Our variant assessment procedures were as follows: firstly, patient-specific CNVs were checked and samples with CNVs were classified as category 5. Then, patient-specific nucleotide variants such as de novo, compound heterozygous (CH; autosomal), and rare homozygous (RHo; autosomal) and hemizygous (RHe; X-linked) variants were selected by comparing against parents and prioritized based on the inheritance pattern (Fig. 1a). Variants with low in-house quality score (<60) or low coverage depths (<10) were excluded. Variants in intron regions and pseudogene were also filtered out.
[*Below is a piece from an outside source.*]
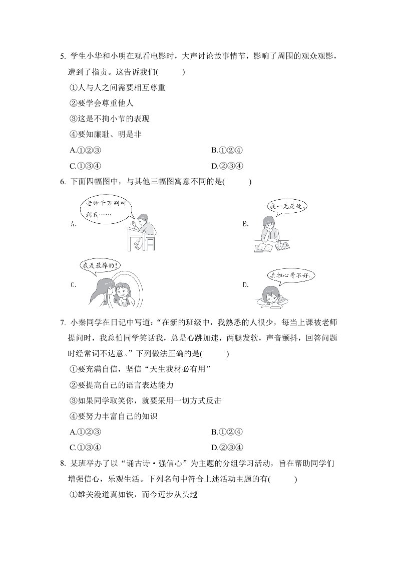 七下道法 期中学情评估卷(含答案)QXDFBB-0090

In correlating the patient’s clinical features with genetic variants, if patients carried a known pathogenic variant in OMIM or ClinVar, they were categorized as category 1 or 2, depending on similarity with reported and observed clinical manifestation. For previously unreported variants, if they were never seen in normal individuals (Genome Aggregation Database (gnomAD)29, Korean Variant Archive (KOVA)45 and in-house variants), harbored LoF, or were evolutionarily well-conserved at the amino acid level, they were categorized as potentially pathogenic. ACMG codes for the variants were annotated using a script provided by InterVar46. For CNV calling, the normalized coverage depths of each captured intervals were compared to the depths from related individuals.

Human brain transcriptome data

The BrainSpan transcriptome database (http://www.brainspan.org) was used to build developing human brain networks47. Data from eight post-conceptual weeks to 40 years of age were analyzed. A total of 385 samples were used for the analysis after combining the multiplicates by taking mean values. Probes with TPM (transcripts per million) >5 in at least one sample were used, yielding 23,943 probes as “brain-expressed transcripts”.
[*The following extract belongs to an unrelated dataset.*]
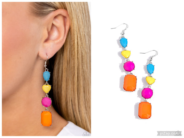 Varying in shape, glistening faceted blue, Primrose, Fuchsia Fedora, and Orange Tiger beads are encased in studded silver frames as they delicately link into a colorful lure. Earring attaches to a standard fishhook fitting.

Brain transcriptome network analysis

Using the above brain-expressed transcripts, we created eight known gene co-expression networks by selecting genes that are highly correlated to our set of genes (n = 164; Pearson’s correlation r > 0.7), in which their disease associations were previously reported, from each developmental period (Fig. 1f). Then, we asked whether our novel genes can be successfully integrated into the known gene co-expression network. We randomly selected 53 genes (equal to the number of our novel genes) in brain-expressed transcripts and counted how many edges they formed with the known genes. The 105 random gene selections were performed and the number of edges with a known gene was used to construct a distribution. The number of edges from our observed novel genes was evaluated against the random distributions. P-values were calculated using z-score, assuming normal distrubutions.
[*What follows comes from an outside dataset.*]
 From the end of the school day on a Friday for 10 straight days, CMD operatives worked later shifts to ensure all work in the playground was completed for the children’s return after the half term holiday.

Recessive variant analysis

Variants were first filtered by gnomAD allele frequency of 0.001 in a heterozygous status and ability to alter protein sequences. Then CH variants were called on a trio setting. If a gene contains more than one filtered variant and each variant was inherited from mother and father separately (for proband), or at least one but not all of the filtered variants of a gene were found from the progeny (for parent), the variants were called as CH. RHo variants were called if filtered variants are inherited in a homozygous manner in autosomes and never seen in gnomAD as homozygous. RHe variants were called if filtered variants are in the X chromosome and never seen in gnomAD as hemizygous or homozygous. Functionality scores were extracted from dbNSFP48.

Statistical evaluation

Statistical analysis of this study was conducted using the R package (version 3.6.0). When comparing difference of two groups, normality of the distribution was first evaluated by Shapiro-Wilks test and then either Student’s t-test or a non-parametric Mann-Whitney U test was performed. P-value < 0.05 was considered as statistically significant, and adjusted FDR P-values were used when correcting for multiple tests. Correlation between variables was determined by using the Pearson’s correlation coefficient test.

Ethical approval and informed consent

This study was approved by the Seoul National University Hospital Institutional Review Board (No. 1406-081-588), and was performed in accordance with the relevant guidelines and regulations. Written informed consent was obtained from all enrolled patients or their legal representatives.